TurnTrout comments on Three mental images from thinking about AGI debate & corrigibility

TurnTrout 4 Aug 2020 19:33 UTC
LW: 6 AF: 4
0
AF
Maybe. What I was arguing was: just because all of the partial derivatives are 0 at a point, doesn’t mean it isn’t a saddle point. You have to check all of the directional derivatives; in two dimensions, there are uncountably infinitely many.
Thus, I can prove to you that we are extremely unlikely to ever encounter a valley in real life:
1. A valley must have a lowest point $A$ .

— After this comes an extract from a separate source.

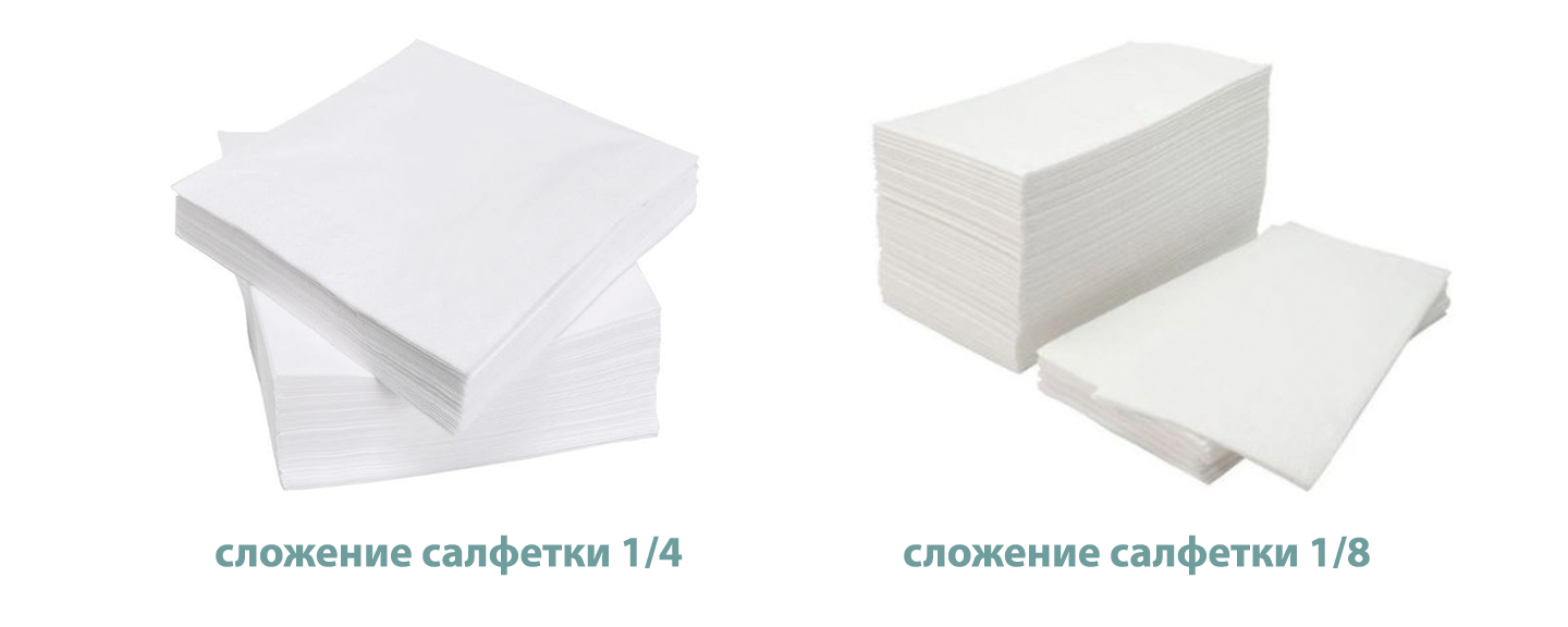 Салфетки бывают разных размеров, но самые ходовые на сегодняшний день - 24х24см и 33х33см, наиболее популярные варианты сложения - 1/4 и 1/8.

2. For $A$ to be a local minimum, all of its directional derivatives must be 0:
  1. Direction N (north), AND
  2. Direction NE (north-east), AND
  3. Direction NNE, AND
  4. Direction NNNE, AND
  5. ...
This doesn’t work because the directional derivatives aren’t probabilistically independent in real life; you have to condition on the underlying geological processes, instead of supposing you’re randomly drawing a topographic function from $R^{2}$ to $R$ .
For the corrigibility argument to go through, I claim we need to consider more information about corrigibility in particular.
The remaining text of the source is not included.